Correspondence and reprints: Dr M. Rotenberg-Arska. Department of Clinical Microbiology and Laboratory of Infectious Diseases University Hospital Utrecht, HP G 04.515, P.O. Box 85500, 3508 GA Utrecht, The Netherlands.
Drugs 43 (5): 629-636, 1992 00 12-6667/92/0005-0629/$04.00/0 © Adis International Limited. All rights reserved. DRUl140
Infectious Disease Therapy in the 1990s Where are we Heading?
M. Rozenberg-Arska and M.R. Visser Department of Clinical Microbiology and Laboratory of Infectious Diseases, University Hospital Utrecht, Utrecht, The Netherlands
Although effective antimicrobial agents have been in use for more than 50 years, patients still die from infection. Remarkable progress has been made in the prevention and treatment of infectious diseases and in the development of more potent, safer and more broadly active antimicrobial agents. Considerable efforts have also been made to enhance or restore human immune responses against pathogenic and opportunistic microorganisms. Why, then, do antimicrobial drugs fail in some patients with severe infections and how should we treat such infections in the future? Antimicrobial treatment may fail for several reasons: antibiotics may be administered too late; the infecting microorganism(s) may be resistant to the agent used; despite adequate antimicrobial therapy leading to efficient killing of microorganisms, released microbial products may cause damage to essential physiological mechanisms; or the patient's immune defences may be inadequate to provide the support that antimicrobial therapy requires.

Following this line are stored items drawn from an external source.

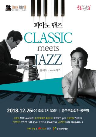 인천 중구문화회관은 12월 문화가 있는 날을 맞아 오는 26일 수요일 오후 7시 30분부터 클래식 피아니스트와 재즈 피아니스트의 아주 특별하고 아름다운 하모니를 감상할 수 있는 "피아노 맨즈"공연을 중구문화회관 공연장에서 선보인다.
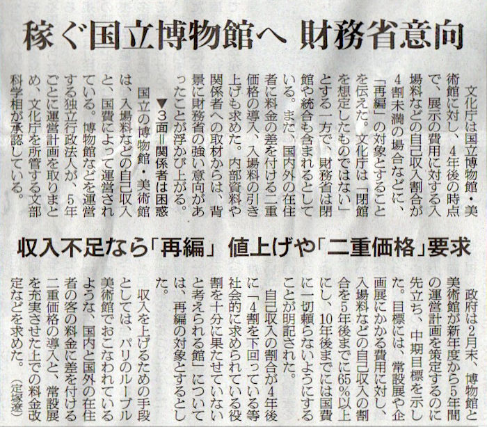2026.3.9スタッフ注目記事 カテゴリー: ピックアップ 本日は朝日新聞朝刊から、「稼ぐ国立博物館へ 財務省意向(2026年3月9日版 [51772] 1面)」の記事をオススメします. 2026年3月9日
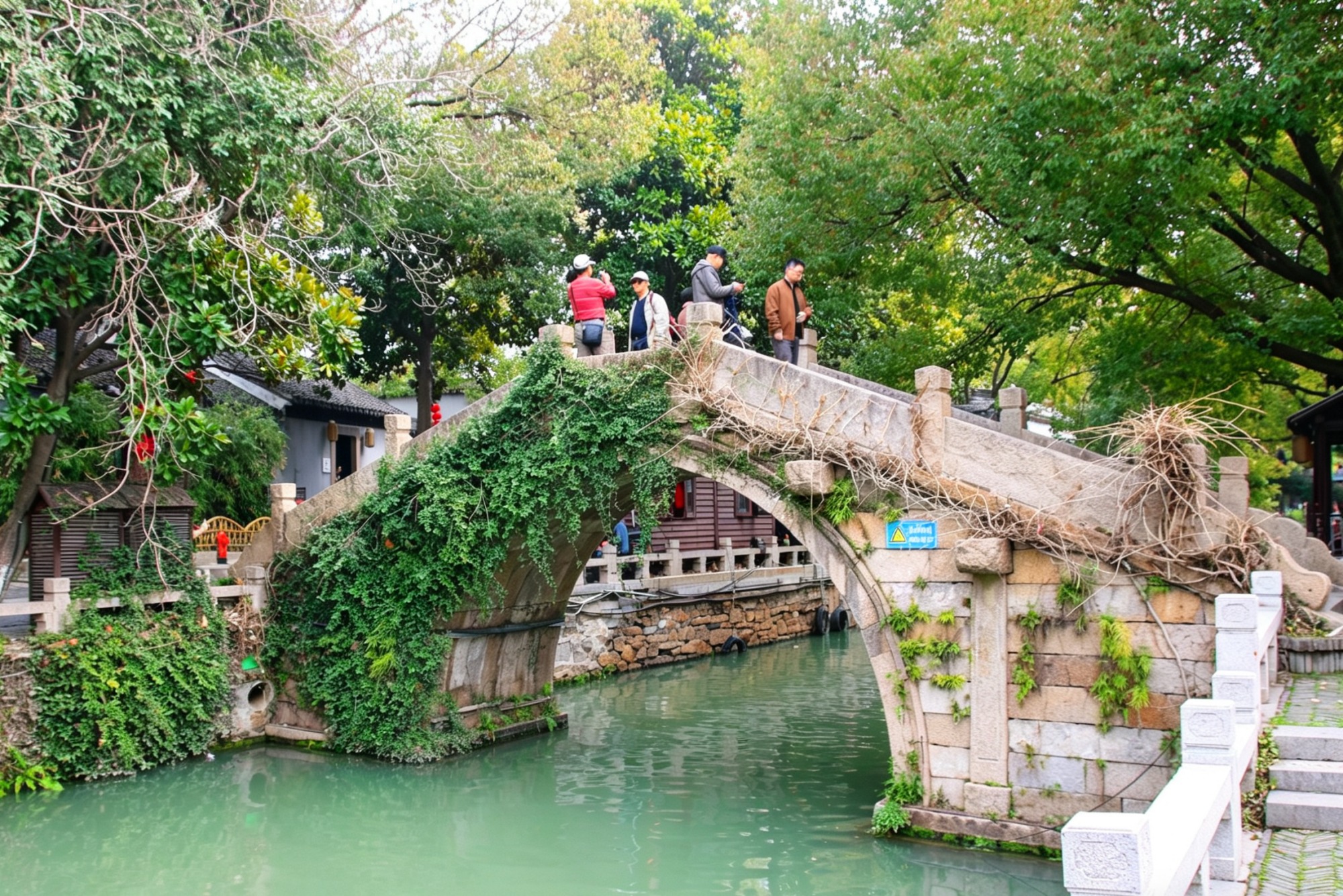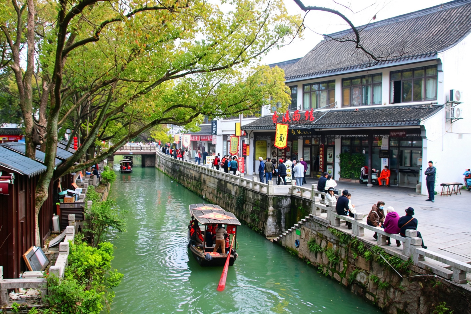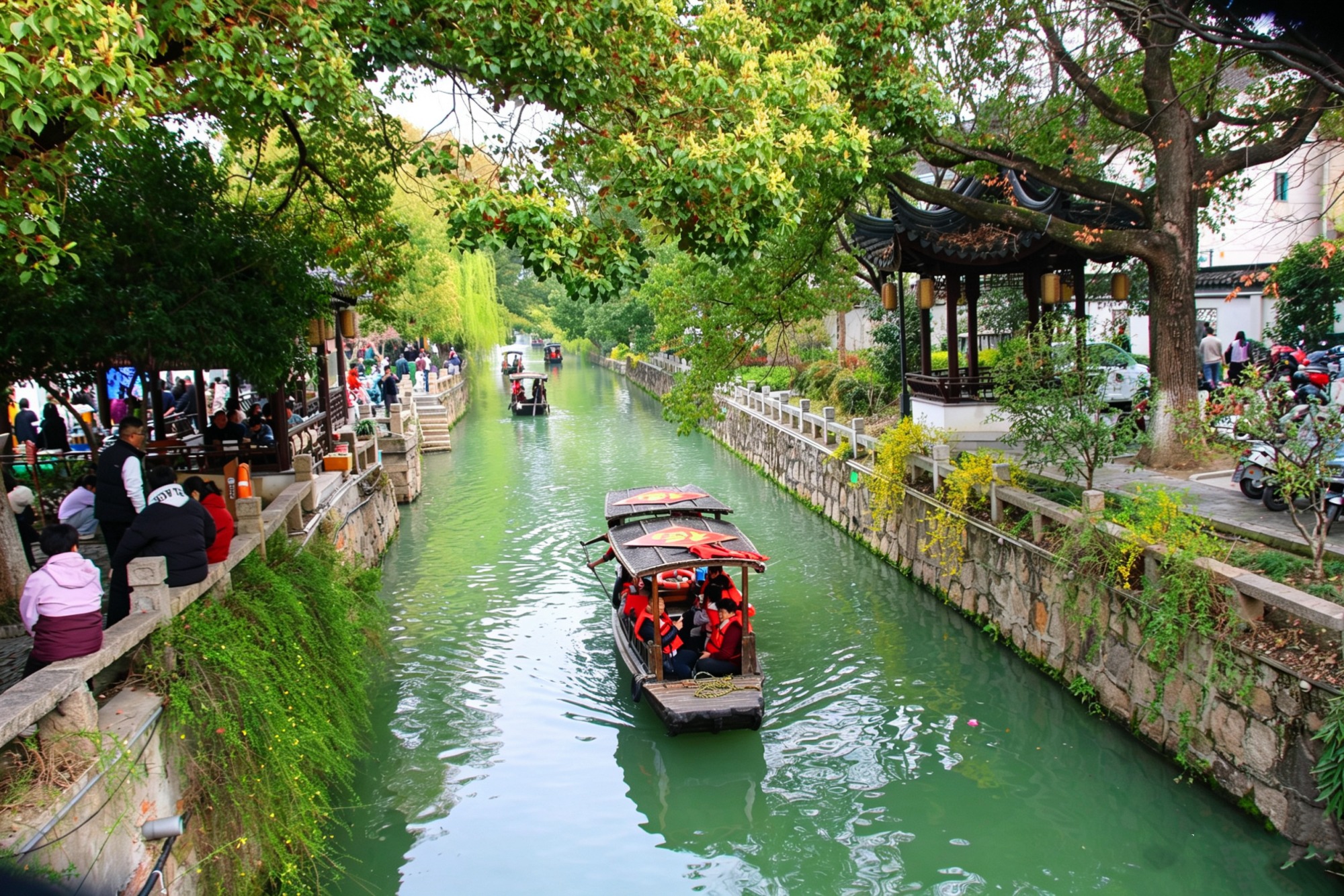 古镇内河道纵横,摇橹船沿河而下,从船上看岸边,白墙黛瓦的商铺、民居错落有致,翠绿的枝叶伸进河道,一路穿桥过巷,沉浸式感受“君到姑苏见,人家尽枕河”的江南风情。
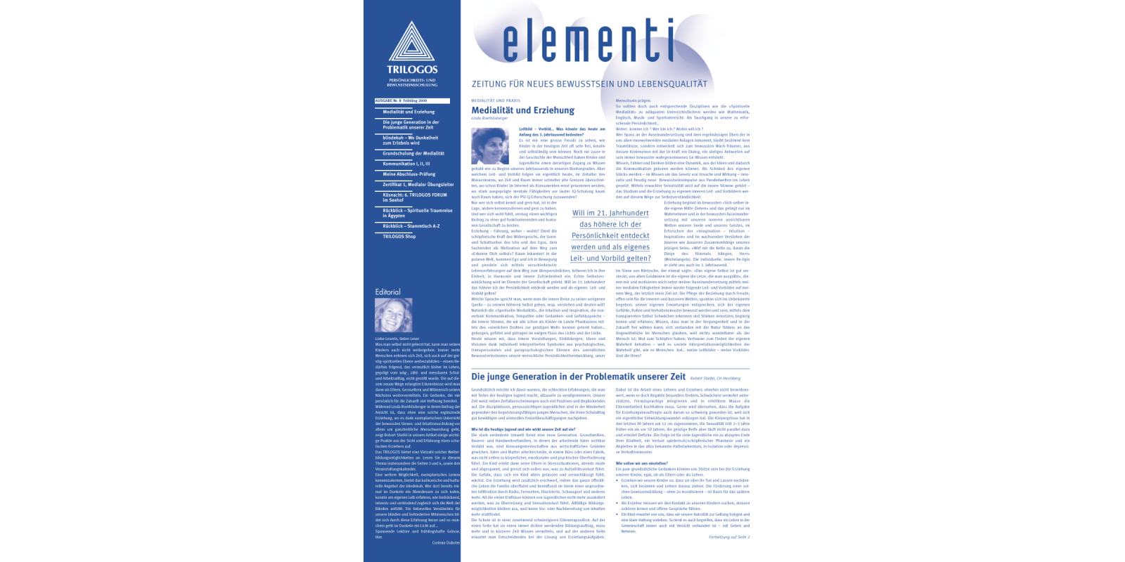 Die ELEMENTI, unsere digitale TRILOGOS Hauszeitung, gewährt seit 1996 einen Rückblick sowie Ausblick in unsere Schul-Tätigkeit.
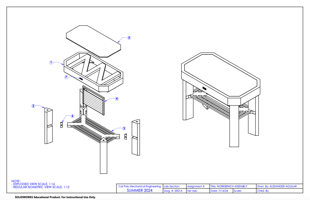 This project started with the ideation phase, where I sketched various geometries for the different parts of the workbench. Once the design was finalized, I created a CAD model in SolidWorks, which enabled me to produce detailed technical drawings that include dimensions and GD&T where needed. These drawings provide all the necessary information for anyone to replicate the workbench. I then constructed it using plywood, 2x4s, 2x6s, and 2x1s, utilizing a variety of power tools.
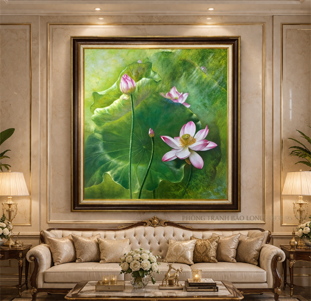 - Tranh được căng trên sườn gỗ thông cao cấp.
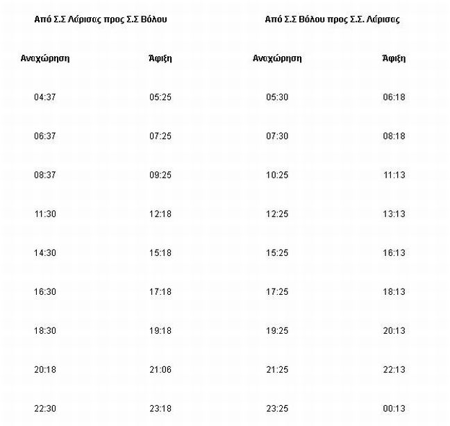 Οι επιβάτες που ταξιδεύουν από τη Λάρισα με προορισμό τον Βόλο και αντίστροφα θα εξυπηρετούνται με λεωφορεία.

With regard to the first point, it is important to establish a specific microbial diagnosis and initiate the appropriate antimicrobial therapy as rapidly as possible. New techniques, such as probes and polymerase chain reaction for detection of microbial RNA or DNA, may be able to detect pathogens in the early stage of disease and small amounts of infectious particles (Polin 1985).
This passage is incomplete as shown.